== Segment start ==

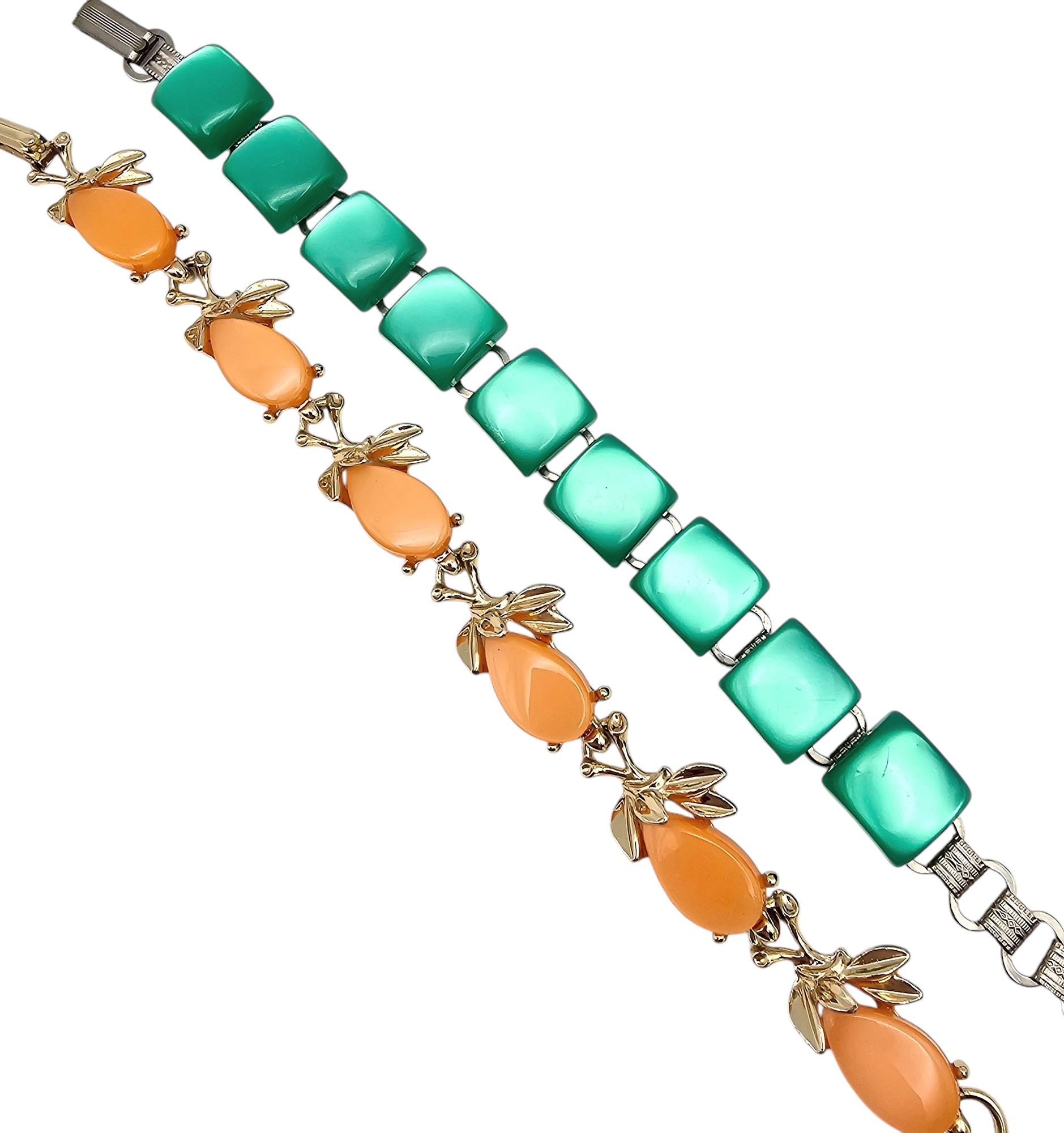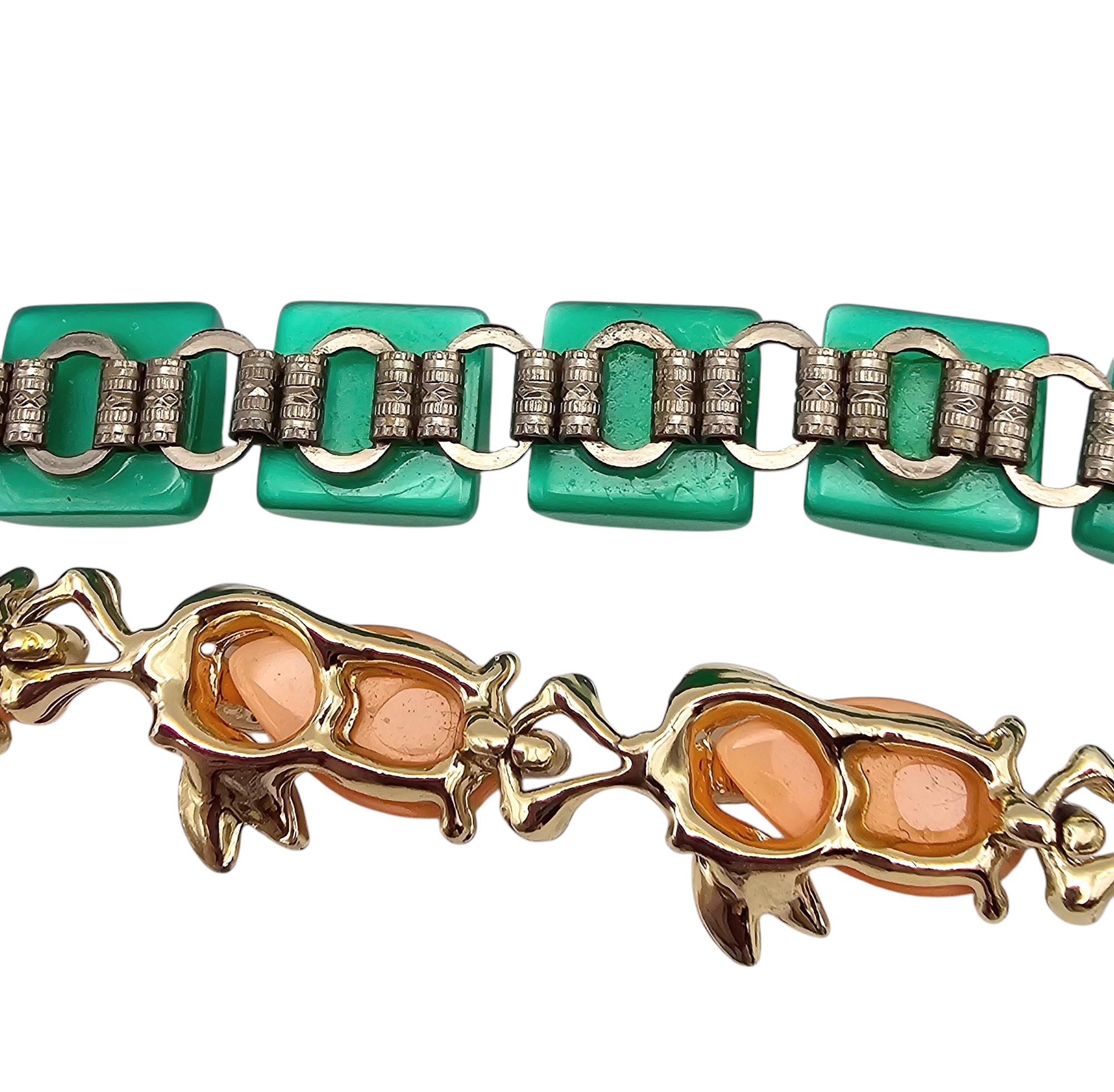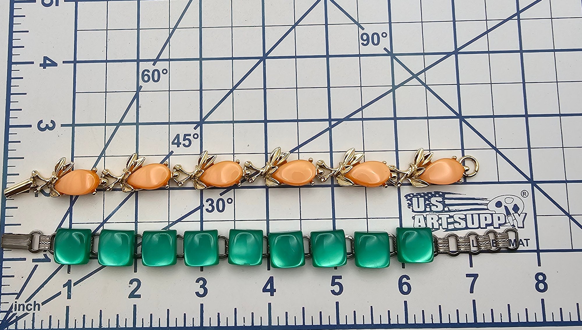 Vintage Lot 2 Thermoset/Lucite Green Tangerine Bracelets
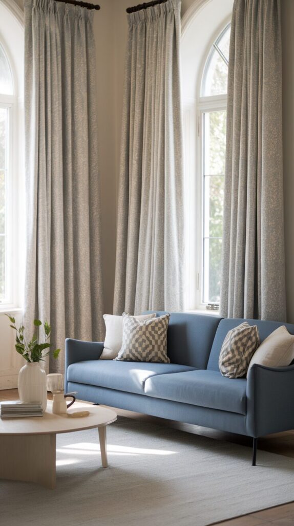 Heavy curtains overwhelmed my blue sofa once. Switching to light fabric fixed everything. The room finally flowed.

== Segment end ==
== Segment start ==

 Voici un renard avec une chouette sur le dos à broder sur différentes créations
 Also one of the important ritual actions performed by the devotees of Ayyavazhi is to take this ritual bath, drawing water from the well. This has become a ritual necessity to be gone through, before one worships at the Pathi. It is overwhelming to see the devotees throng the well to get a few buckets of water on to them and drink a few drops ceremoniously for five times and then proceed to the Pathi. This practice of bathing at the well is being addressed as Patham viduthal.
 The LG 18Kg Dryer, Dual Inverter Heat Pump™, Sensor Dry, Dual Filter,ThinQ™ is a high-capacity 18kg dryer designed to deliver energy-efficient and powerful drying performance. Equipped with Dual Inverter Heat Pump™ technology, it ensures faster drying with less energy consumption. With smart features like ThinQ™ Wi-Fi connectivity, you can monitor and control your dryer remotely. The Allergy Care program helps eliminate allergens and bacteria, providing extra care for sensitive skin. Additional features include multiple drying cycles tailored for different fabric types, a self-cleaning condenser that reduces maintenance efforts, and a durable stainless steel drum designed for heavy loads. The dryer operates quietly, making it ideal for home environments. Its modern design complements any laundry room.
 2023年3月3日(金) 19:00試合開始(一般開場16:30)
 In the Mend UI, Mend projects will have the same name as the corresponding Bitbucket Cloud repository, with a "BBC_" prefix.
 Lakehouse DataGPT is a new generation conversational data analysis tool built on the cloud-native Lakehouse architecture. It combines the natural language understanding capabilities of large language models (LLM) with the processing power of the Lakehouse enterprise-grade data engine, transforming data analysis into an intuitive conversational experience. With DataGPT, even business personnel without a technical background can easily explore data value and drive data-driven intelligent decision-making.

== Segment end ==

Work task: Every line above from the line with "2023年3月3日(金) 19:00試合開始(一般開場16:30)" to the line with "Lakehouse DataGPT is", both included, must be reproduced exactly, and no other line may appear.

Your solution:
 2023年3月3日(金) 19:00試合開始(一般開場16:30)
 In the Mend UI, Mend projects will have the same name as the corresponding Bitbucket Cloud repository, with a "BBC_" prefix.
 Lakehouse DataGPT is a new generation conversational data analysis tool built on the cloud-native Lakehouse architecture. It combines the natural language understanding capabilities of large language models (LLM) with the processing power of the Lakehouse enterprise-grade data engine, transforming data analysis into an intuitive conversational experience. With DataGPT, even business personnel without a technical background can easily explore data value and drive data-driven intelligent decision-making.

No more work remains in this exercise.